Data Privacy Protection: A Modest Proposal

I’m arguing for opt-in-only in any relationships between individuals and other individuals or groups when it comes to PII. It's as simple--and modest (and not in the satirical way)--as that.

Craig Mathias

May 22, 2018

5 Min Read
Private Property

Apologies upfront to all you Jonathan Swift fans, but this article on data privacy protection isn’t going to be a satire--I’ve already read way too many postings on this very serious matter that seem little more than that. Data privacy protection has, in fact, become a vital issue in recent years as mobility, social media and advertising-supported web services have redefined the relationship between consumer and service provider. My purpose here today is to clear up a bit of confusion around exactly what privacy is, but, more importantly, to present a simple--and, hence, modest, proposal--that I think will go a long way toward strengthening and sustaining that critical relationship.

Let’s start with definition. First and foremost, privacy is most certainly not the same as security, despite many people using the terms interchangeably. Security is about policy, of course, but also the mechanisms relating to authentication (and, thus, identity, which we’ll return to later), encryption, physical security and the overall integrity of any given IT solution. Security, then, is the what and how, and will always be the one area of IT--and, increasingly, our personal lives--where the job is never “done.”

Privacy, on the other hand, is social and thus political. It's the information about ourselves we wish to (and are legally allowed to) keep proprietary or made available to a limited number of designated and approved "others," be they individuals, groups or corporations.

For example, essentially everyone in the United States has a Social Security number. This number is supposed to be used only for Social Security and tax purposes, not for identification--it says so right on the card. However, Social Security numbers are used for identification--and identify--along with such items as one’s date of birth. We make these elements available to suppliers of services so often that it invites compromise; in fact, compromise is inevitable. And, of course, once any piece of identifying information is compromised, it remains so forever. The bad guys really don’t have to work very hard because the social ethic surrounding privacy, along with the laws that should be in place to protect us here, simply do not exist.

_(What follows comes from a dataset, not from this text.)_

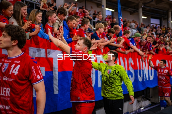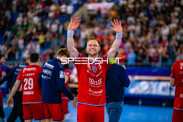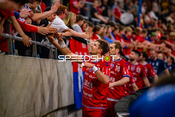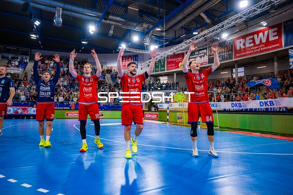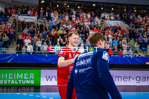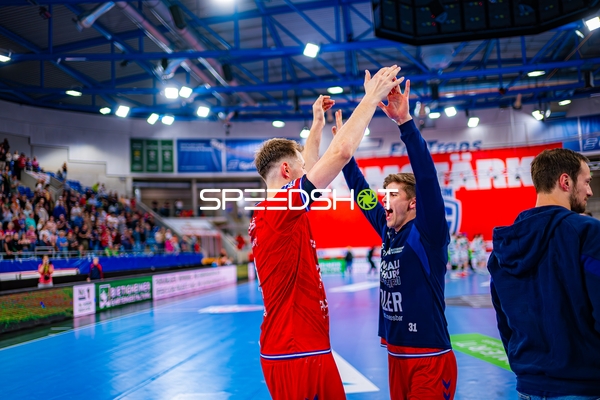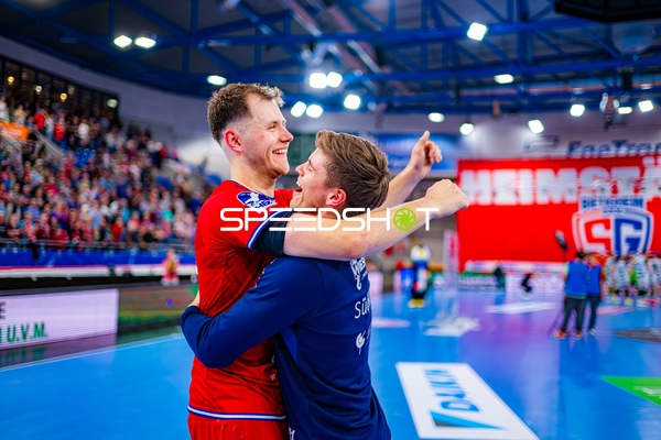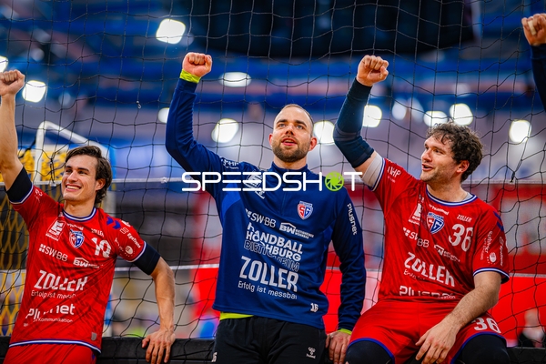 Feier nach Spiel Fredrik Genz (16;SG BBM Bietigheim), Alexander Pfeifer (31;SG BBM Bietigheim), Julius Kühn (5;SG BBM Bietigheim)

With that said, there is hope for progress in this area. The European Union's GDPR regulations, for example, are law only in the EU, but they are having a global impact on privacy. Key requirements include careful protection of consumer data and the ability for consumers to control any gathered information. Penalties for non-compliance are potentially severe, but we’ll see how that element plays out. The problem with GDPR is that it’s amazingly complex, and still requires both legal testing and clarification in more than a few places. Plus, it doesn't benefit organizations that don't do business outside the United States.

So, here’s the modest proposal: All proprietary identifying information about a particular individual shall remain confidential and proprietary to that individual unless and until that individual explicitly and knowingly discloses such information to another party, with such disclosure only made under the terms of an appropriate agreement. “Appropriate” is of vital importance, as the privacy statements used by essentially all online service providers today are so complex as to be useless for this purpose in many if not most cases. Regardless, they do little to curb the surrendering of far too much information, which serves only to enrich the “supplier” at the expense of the consumer, as we saw with the recent Facebook debacle.

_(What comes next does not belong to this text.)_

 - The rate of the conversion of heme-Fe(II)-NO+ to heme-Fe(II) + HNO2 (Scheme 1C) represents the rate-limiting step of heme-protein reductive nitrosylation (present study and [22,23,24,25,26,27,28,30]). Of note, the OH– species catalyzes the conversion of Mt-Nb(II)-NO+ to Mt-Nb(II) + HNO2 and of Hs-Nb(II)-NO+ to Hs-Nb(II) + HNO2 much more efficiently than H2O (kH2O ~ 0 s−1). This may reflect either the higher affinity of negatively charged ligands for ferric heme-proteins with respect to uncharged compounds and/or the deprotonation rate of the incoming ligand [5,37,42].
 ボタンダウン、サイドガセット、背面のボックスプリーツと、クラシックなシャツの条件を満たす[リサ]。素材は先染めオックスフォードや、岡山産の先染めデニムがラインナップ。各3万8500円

For the record, we have recommended that individuals never post anything about themselves on Facebook, and we leave it to the reader to review Facebook’s agreements and policies to understand our position here. But, again, given that recent debacle, it shouldn’t be hard to understand why we take this position--one thatcould easily be applied to almost every other consumer-based online service today. Bottom line: You are their product, and the more they know about you, the more valuable you are--to them. And with no meaningful regulations (again, absent a GDPR-like law) in place, you are pretty much out of luck here with respect to your personal privacy--which, in fact, disappears and with your help, no less!

In effect, I’m arguing for opt-in only in any relationships between individuals and other individuals or groups when it comes to personally identifiable information. Simple as that.

You might think that most information isn’t all that interesting, but if, just for example, you’re a purveyor of Mac spyware or ransomware or worse, it might be interesting to know who’s using the Safari browser, which only runs on Apple products. That information can be obtained from a Website you think you can trust, but that's selling such data without so informing you. More than a few seemingly minor tidbits are indeed sensitive, and, to the degree that these elements identify a particular individual, the potential for damage to an innocent person is enormous. Just think: Your location right now could be in the hands of people you wouldn’t trust with a dime.

Many mistakenly assume that there is a Constitutional right to privacy stemming from the Fourth Amendment. However, the Constitution covers only the relationship between individuals and the government--not those between individuals or groups such as corporations. As such, new laws are required--ideally at the federal level, but let’s get started regardless.

At the root of all of this mess is, I believe, a fundamental failure at the societal level to address not security or privacy, but identity and authentication--or, the act of proving that you are whom you claim to be. Maybe, when you’re born, you should get a private key that’s yours for life. But such is a topic for another day; if I’ve just raised a tiny bit of awareness today, I’m happy--but just for now.